BEGIN

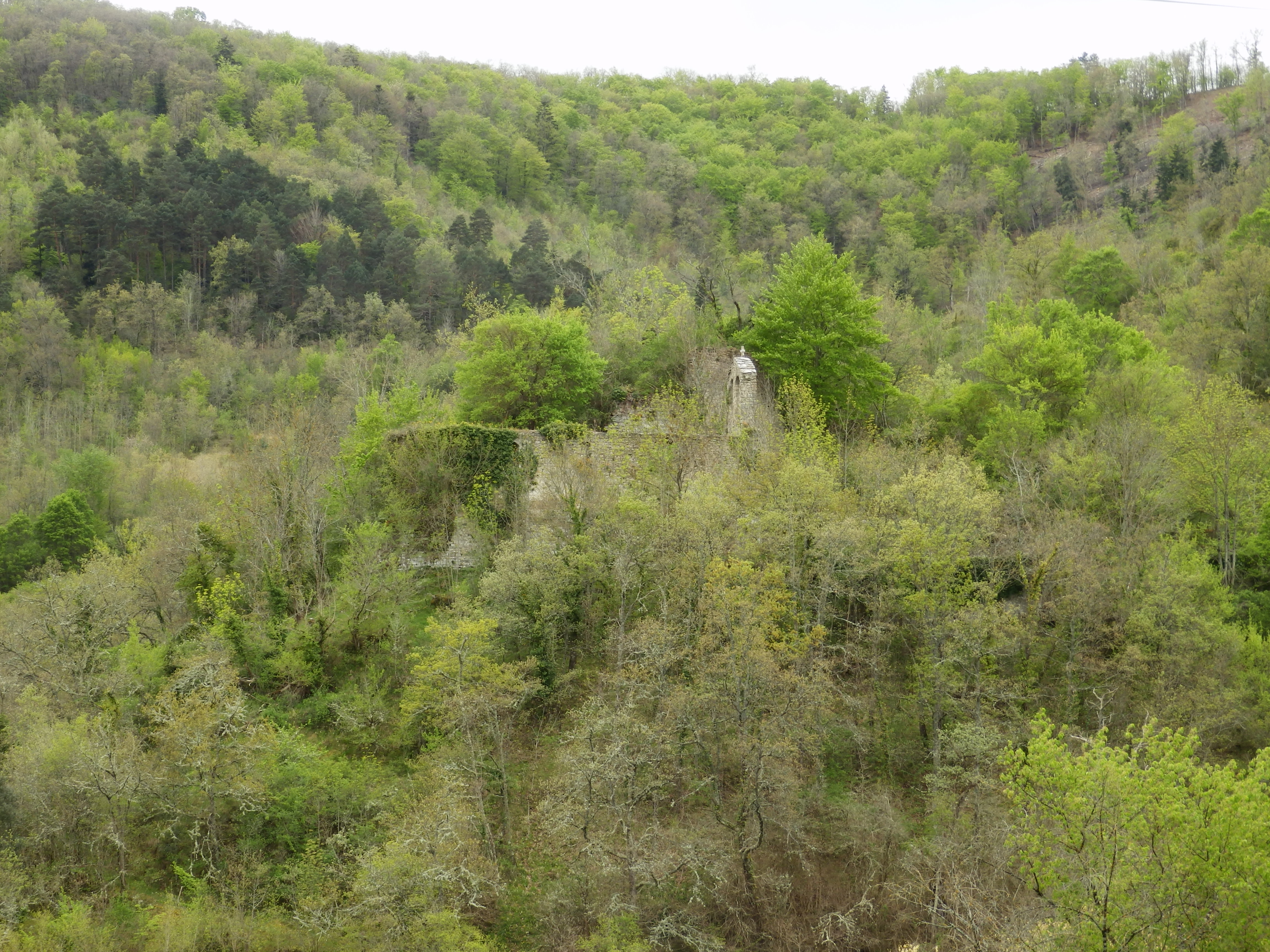 Ruins of St Nicholas Chapel in Tournebouix, Bourigeole, Aude, France
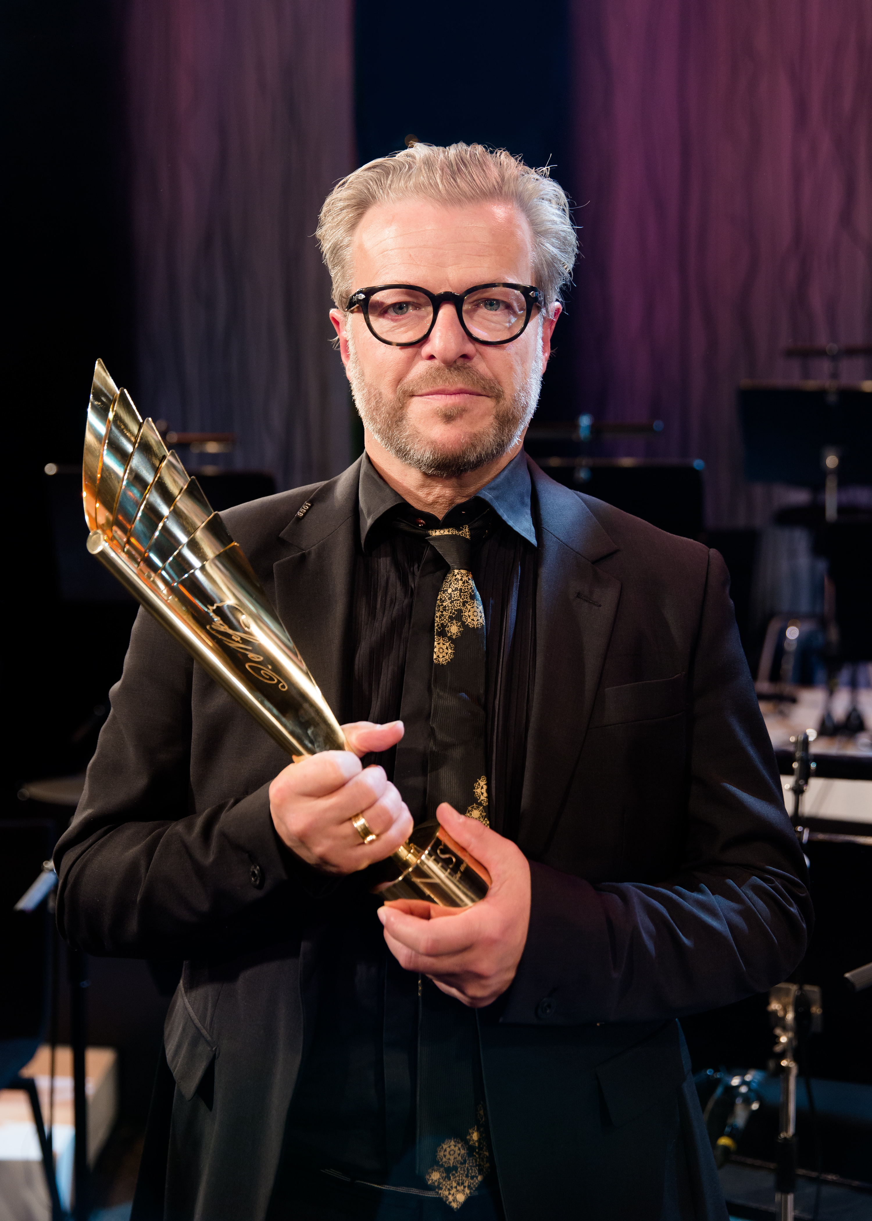 Roland Koch at the Nestroy Theatre Awards 2015 (Ronacher, Vienna, Austria).
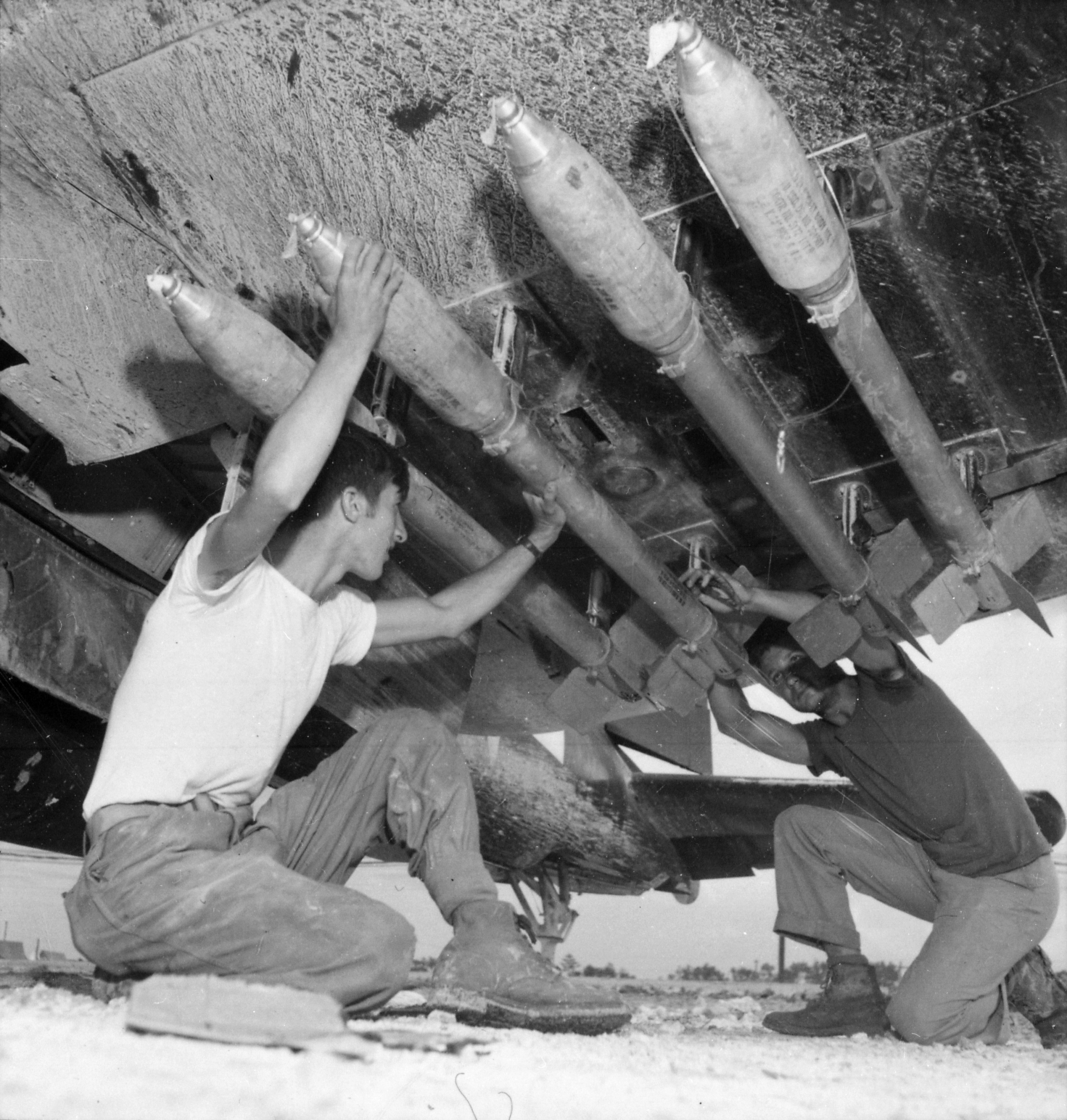 General notes: Use War and Conflict Number 839 when ordering a reproduction or requesting information about this image.
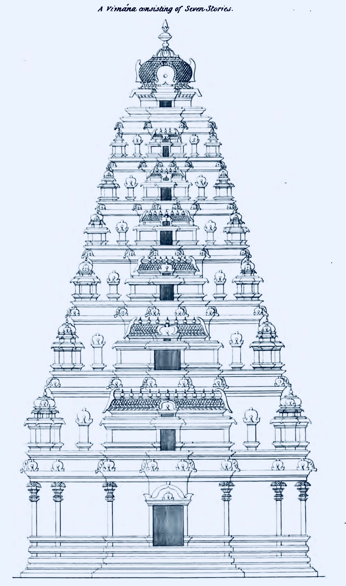 This is a photo of sketches made by Ram Raz and published in 1834. The source images can be found in Ram Raz (1834) Essay on the Architecture of the Hindus, Royal Asiatic Society of Great Britain and Ireland. A scholarly review of this source: Madhuri Desai (2012), Interpreting an Architectural Past Ram Raz and the Treatise in South Asia, Journal of the Society of Architectural Historians, Vol. 71, No. 4, pages 462-487

END

→ What is needed
Quote the material above exactly, from the line holding "General notes: Use" through its last line, including both. Omit the pictures.

→ Expected answer
 General notes: Use War and Conflict Number 839 when ordering a reproduction or requesting information about this image.
 This is a photo of sketches made by Ram Raz and published in 1834. The source images can be found in Ram Raz (1834) Essay on the Architecture of the Hindus, Royal Asiatic Society of Great Britain and Ireland. A scholarly review of this source: Madhuri Desai (2012), Interpreting an Architectural Past Ram Raz and the Treatise in South Asia, Journal of the Society of Architectural Historians, Vol. 71, No. 4, pages 462-487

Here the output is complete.